(Problem statement)
Among the entries below, extract exactly the lines that run from the one with "نفذ أبناء محافظة" through the one with "4.选择操作系统:Linux", both ends included.

[Stored items from a collection]

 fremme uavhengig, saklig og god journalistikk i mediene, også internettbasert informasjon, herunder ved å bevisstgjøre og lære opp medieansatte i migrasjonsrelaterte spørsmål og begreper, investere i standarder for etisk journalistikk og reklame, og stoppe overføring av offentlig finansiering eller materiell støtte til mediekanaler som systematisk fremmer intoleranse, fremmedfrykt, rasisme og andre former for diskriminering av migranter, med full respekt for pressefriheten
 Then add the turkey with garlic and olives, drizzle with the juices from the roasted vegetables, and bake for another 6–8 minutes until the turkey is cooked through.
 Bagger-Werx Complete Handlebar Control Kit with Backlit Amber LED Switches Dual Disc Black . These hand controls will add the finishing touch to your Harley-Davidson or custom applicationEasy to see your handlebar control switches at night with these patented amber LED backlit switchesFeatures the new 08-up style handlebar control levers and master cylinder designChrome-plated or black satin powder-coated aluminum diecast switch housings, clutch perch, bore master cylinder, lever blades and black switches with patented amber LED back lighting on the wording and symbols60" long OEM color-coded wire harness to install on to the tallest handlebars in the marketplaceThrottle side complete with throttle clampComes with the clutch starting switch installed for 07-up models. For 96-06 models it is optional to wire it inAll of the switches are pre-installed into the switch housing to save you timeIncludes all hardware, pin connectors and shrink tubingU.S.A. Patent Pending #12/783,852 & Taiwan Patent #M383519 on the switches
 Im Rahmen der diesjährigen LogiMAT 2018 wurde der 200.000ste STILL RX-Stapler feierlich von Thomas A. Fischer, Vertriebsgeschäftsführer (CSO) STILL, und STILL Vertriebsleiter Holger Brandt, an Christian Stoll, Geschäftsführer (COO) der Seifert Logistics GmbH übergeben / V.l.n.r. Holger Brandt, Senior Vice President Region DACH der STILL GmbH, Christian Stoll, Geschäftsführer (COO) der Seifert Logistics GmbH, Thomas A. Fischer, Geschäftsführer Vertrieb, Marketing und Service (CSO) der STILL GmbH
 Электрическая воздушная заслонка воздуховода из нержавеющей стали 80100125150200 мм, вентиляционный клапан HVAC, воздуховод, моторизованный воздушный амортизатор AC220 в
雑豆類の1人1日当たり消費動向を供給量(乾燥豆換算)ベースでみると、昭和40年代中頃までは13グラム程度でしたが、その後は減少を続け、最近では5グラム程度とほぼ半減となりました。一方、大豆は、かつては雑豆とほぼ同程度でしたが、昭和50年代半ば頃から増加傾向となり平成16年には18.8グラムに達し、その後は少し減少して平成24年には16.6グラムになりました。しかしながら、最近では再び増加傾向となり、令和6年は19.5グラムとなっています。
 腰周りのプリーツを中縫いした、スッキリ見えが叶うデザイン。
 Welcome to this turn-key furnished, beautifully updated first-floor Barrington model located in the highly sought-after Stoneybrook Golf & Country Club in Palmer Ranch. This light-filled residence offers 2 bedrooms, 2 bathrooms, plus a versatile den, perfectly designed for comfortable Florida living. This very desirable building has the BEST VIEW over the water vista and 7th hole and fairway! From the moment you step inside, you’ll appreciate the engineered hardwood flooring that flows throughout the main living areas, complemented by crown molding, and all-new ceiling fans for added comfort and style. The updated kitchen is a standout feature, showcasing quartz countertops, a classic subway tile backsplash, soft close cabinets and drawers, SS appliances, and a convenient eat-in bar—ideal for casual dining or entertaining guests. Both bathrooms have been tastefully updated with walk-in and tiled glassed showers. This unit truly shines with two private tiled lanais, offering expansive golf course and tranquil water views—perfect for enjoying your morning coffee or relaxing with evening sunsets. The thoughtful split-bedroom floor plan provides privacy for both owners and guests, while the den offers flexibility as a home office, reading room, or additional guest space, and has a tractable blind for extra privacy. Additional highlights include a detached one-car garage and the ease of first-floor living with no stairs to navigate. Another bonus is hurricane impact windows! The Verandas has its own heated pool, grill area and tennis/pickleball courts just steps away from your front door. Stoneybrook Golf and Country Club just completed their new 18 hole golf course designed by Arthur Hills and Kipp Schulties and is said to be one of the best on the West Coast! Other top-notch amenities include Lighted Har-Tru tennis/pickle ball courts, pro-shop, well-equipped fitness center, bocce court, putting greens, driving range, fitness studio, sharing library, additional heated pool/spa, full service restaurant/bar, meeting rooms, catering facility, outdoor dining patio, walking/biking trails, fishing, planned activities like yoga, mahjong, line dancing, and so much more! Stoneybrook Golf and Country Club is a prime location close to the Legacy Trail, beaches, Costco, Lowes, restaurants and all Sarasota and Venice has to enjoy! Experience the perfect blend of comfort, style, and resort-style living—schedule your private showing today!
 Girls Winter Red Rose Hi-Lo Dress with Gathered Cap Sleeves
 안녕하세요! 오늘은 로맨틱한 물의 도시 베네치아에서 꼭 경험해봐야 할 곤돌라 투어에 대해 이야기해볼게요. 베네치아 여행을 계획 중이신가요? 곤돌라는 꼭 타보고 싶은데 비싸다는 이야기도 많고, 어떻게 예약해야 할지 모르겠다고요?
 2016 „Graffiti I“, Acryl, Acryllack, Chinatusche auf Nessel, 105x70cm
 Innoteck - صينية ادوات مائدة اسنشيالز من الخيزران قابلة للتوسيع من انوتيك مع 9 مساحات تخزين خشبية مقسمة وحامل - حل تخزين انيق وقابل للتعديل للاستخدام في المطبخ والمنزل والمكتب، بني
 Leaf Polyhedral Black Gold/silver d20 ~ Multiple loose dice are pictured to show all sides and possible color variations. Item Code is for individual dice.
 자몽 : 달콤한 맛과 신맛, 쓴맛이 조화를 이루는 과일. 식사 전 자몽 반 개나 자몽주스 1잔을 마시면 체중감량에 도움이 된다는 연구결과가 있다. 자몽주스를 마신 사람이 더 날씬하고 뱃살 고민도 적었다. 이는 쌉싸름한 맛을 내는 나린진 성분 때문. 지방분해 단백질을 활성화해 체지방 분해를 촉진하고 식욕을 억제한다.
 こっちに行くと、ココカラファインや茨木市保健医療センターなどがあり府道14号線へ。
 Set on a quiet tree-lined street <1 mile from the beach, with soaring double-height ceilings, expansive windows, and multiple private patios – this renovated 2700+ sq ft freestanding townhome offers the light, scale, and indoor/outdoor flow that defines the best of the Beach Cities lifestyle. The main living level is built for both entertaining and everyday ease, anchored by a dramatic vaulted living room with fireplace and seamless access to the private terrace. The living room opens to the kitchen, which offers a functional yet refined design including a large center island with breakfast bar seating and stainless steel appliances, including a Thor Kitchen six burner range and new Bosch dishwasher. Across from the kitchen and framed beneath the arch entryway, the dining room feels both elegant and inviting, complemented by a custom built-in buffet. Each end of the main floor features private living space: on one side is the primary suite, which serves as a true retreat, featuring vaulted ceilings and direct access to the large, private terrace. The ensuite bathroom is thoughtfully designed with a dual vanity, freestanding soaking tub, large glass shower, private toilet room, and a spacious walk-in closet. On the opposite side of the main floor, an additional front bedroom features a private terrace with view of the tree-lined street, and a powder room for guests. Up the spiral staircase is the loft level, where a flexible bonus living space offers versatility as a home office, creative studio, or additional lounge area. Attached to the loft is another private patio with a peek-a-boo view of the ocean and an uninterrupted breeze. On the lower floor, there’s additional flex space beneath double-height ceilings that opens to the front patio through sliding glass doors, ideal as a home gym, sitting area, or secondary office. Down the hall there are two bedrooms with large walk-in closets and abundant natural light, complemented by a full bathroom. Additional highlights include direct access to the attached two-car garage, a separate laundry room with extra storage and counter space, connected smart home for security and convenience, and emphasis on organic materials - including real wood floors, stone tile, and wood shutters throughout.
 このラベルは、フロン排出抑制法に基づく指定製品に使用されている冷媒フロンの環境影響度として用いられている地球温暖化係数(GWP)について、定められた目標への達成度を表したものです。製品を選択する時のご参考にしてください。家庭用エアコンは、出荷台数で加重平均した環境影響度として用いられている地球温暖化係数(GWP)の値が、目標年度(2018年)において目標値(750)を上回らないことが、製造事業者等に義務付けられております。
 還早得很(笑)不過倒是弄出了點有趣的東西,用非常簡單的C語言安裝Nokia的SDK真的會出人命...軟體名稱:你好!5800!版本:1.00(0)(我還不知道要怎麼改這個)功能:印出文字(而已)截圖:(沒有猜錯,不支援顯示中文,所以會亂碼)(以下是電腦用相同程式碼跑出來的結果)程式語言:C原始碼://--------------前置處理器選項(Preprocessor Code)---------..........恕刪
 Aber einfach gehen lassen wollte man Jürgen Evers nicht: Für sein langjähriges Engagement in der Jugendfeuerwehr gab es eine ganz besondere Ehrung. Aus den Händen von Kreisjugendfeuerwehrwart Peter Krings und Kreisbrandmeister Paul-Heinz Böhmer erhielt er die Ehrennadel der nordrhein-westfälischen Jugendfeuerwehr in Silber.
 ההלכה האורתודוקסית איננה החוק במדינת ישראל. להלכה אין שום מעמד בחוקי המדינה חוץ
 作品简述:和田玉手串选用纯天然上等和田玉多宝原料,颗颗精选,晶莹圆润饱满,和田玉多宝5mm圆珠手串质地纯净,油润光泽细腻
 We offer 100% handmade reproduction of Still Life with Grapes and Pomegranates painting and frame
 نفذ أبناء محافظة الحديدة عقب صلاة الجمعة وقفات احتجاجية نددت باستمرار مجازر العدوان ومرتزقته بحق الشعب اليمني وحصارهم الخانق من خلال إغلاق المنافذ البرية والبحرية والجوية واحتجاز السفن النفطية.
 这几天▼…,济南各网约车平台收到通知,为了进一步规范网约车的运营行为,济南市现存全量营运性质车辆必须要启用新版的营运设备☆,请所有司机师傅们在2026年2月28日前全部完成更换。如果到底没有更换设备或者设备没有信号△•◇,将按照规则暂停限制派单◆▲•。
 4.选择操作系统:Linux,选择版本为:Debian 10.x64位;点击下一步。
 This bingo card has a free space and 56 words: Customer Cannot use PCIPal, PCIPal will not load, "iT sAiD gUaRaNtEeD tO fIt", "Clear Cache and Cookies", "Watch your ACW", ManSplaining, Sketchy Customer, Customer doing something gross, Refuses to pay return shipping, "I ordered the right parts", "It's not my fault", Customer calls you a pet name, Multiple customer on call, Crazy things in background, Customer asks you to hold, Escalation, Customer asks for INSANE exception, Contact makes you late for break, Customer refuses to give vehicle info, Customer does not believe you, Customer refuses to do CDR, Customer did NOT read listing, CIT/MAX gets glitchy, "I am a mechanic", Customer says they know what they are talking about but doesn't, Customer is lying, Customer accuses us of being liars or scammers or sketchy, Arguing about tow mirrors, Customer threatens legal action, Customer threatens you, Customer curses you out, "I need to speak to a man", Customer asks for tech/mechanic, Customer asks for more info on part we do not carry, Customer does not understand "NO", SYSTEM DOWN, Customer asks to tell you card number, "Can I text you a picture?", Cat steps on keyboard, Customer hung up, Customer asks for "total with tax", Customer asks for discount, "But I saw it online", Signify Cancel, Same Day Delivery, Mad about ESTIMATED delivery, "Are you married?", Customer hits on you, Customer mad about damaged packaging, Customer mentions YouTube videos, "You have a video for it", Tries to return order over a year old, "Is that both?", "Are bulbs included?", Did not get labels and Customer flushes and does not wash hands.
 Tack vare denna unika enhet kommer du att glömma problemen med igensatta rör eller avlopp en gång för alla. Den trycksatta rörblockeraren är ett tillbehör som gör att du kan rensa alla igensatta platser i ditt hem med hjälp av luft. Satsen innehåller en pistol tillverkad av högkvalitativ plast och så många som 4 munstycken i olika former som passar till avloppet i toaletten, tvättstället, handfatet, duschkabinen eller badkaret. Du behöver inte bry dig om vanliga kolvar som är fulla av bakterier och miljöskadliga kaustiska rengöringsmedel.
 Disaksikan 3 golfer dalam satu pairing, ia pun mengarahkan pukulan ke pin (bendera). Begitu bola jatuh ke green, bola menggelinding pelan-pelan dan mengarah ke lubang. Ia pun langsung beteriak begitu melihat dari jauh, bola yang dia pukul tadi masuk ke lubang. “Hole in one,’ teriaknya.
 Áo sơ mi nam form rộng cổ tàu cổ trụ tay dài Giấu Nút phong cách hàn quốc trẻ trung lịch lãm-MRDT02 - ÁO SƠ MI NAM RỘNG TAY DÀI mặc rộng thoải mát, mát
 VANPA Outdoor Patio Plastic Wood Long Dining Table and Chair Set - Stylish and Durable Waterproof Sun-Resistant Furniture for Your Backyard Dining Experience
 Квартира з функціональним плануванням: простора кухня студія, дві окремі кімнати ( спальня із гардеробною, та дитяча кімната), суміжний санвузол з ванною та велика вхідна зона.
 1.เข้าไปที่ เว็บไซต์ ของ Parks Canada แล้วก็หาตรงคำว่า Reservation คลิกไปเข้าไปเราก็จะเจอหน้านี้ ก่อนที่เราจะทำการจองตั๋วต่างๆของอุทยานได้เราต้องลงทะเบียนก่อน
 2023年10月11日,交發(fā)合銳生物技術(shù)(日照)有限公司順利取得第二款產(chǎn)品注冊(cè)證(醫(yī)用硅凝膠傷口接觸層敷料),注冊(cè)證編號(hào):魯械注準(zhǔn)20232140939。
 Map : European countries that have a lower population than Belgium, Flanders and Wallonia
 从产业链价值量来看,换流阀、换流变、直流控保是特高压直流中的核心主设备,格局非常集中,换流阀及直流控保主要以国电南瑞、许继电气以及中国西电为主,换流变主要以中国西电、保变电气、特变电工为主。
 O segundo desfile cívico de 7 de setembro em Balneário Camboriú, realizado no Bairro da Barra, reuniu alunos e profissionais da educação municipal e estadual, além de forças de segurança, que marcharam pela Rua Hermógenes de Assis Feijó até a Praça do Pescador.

(Solved problem)
 نفذ أبناء محافظة الحديدة عقب صلاة الجمعة وقفات احتجاجية نددت باستمرار مجازر العدوان ومرتزقته بحق الشعب اليمني وحصارهم الخانق من خلال إغلاق المنافذ البرية والبحرية والجوية واحتجاز السفن النفطية.
 这几天▼…,济南各网约车平台收到通知,为了进一步规范网约车的运营行为,济南市现存全量营运性质车辆必须要启用新版的营运设备☆,请所有司机师傅们在2026年2月28日前全部完成更换。如果到底没有更换设备或者设备没有信号△•◇,将按照规则暂停限制派单◆▲•。
 4.选择操作系统:Linux,选择版本为:Debian 10.x64位;点击下一步。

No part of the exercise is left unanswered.